The first key to the Yieldjet’s design as outlined by Kateeva is a pure nitrogen processing chamber that encapsulates the printer, designed to extend the life of the screens up to double the current standard. Reliability of OLED screens over longer periods is a problem that has plagued the technology since its inception, and one of the many reasons we’ve been seeing OLED on showroom floors and not in living rooms.
The printer also has the ability to lower particle contamination, reducing rogue particles by as much as 10x the current model, according to Kateeva. The company says it learned from semiconductor manufacturers, which employ cleanrooms to create a sterile environment when working with semiconductors and nanotechnology. The practice has resulted in what Kateeva calls “the most aggressive particle performance ever demonstrated by the print industry.”
The final ingredient to the Yieldjet’s secret sauce is advanced techniques in uniformity, which is accomplished through a processing window that is 5x wider than the current standard. Kateeva says the larger processing window allows its new tool to more easily adapt to the mass production environment.
Samsung and LG have been duking it out in the OLED arena for years, but while the technology has been the talk of electronics shows thanks to its dazzling color contrast and rich, deep space black levels, reliability and cost issues have kept OLED TV’s too expensive for the masses.

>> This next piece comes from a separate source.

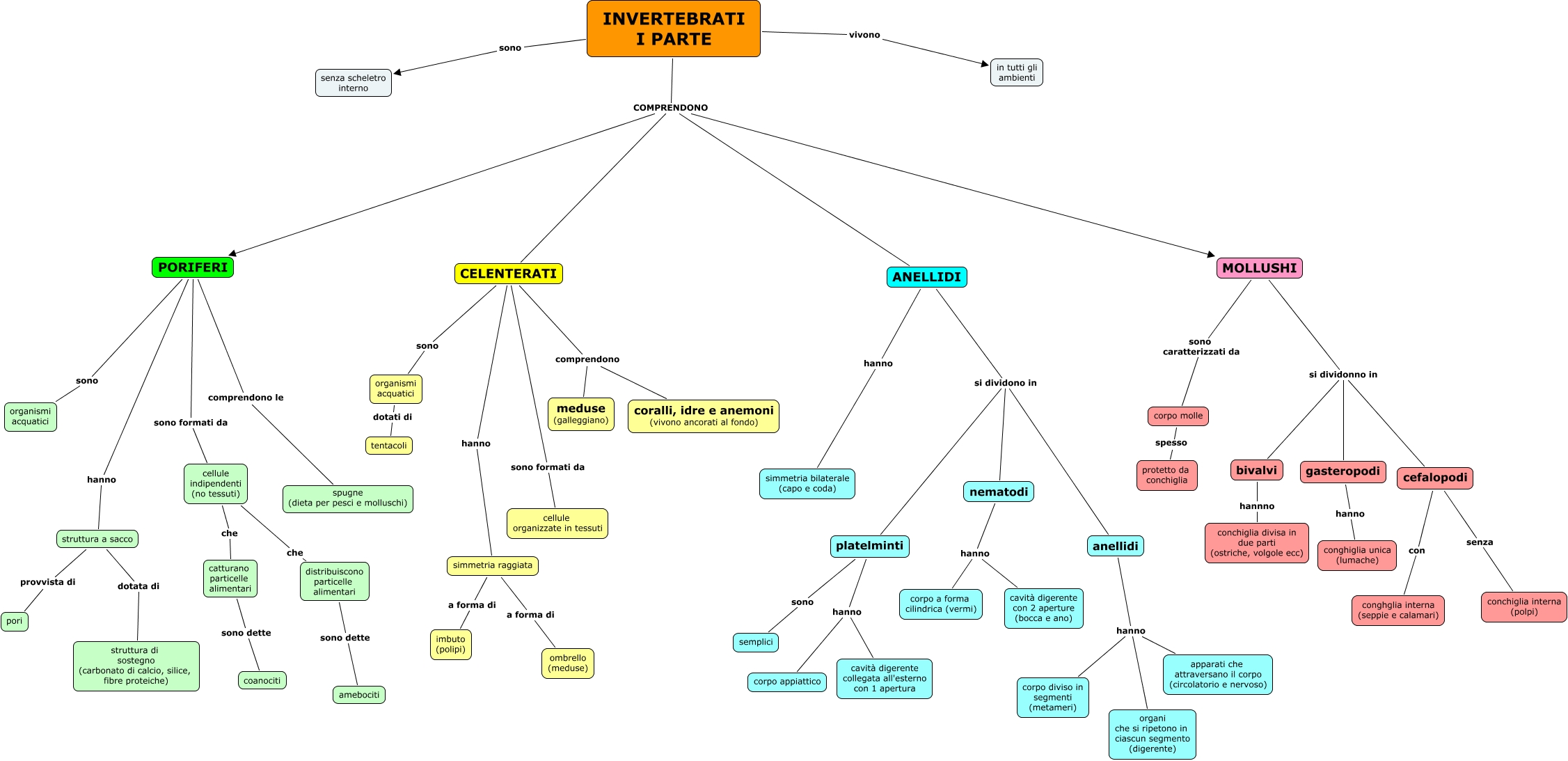 Questa Cmap, creata con IHMC CmapTools, contiene informazioni relative a: INVERTEBRATI, MOLLUSHI sono caratterizzati da corpo molle, PORIFERI hanno struttura a sacco, MOLLUSHI si dividonno in cefalopodi, cellule indipendenti (no tessuti) che catturano particelle alimentari, platelminti hanno corpo appiattico, platelminti sono semplici, INVERTEBRATI I PARTE COMPRENDONO PORIFERI, INVERTEBRATI I PARTE COMPRENDONO ANELLIDI, distribuiscono particelle alimentari sono dette amebociti, simmetria raggiata a forma di imbuto (polipi), anellidi hanno apparati che attraversano il corpo (circolatorio e nervoso), anellidi hanno organi che si ripetono in ciascun segmento (digerente), INVERTEBRATI I PARTE vivono in tutti gli ambienti, simmetria raggiata a forma di ombrello (meduse), nematodi hanno corpo a forma cilindrica (vermi), anellidi hanno corpo diviso in segmenti (metameri), CELENTERATI comprendono coralli, idre e anemoni (vivono ancorati al fondo), nematodi hanno cavità digerente con 2 aperture (bocca e ano), PORIFERI comprendono le spugne (dieta per pesci e molluschi), CELENTERATI sono formati da cellule organizzate in tessuti

The potential for low-cost, mass production OLED displays could have far reaching affects across the technology industry. From the TV on your wall, to the phone in your pocket, OLED could literally change the way you see the world. Kateeva’s new announcement of the Yieldjet may just be the catalyst we’ve all been waiting for to push OLED out from behind the curtain and into the spotlight. And that makes those of us lucky enough to have seen what this remarkable technology can do very excited.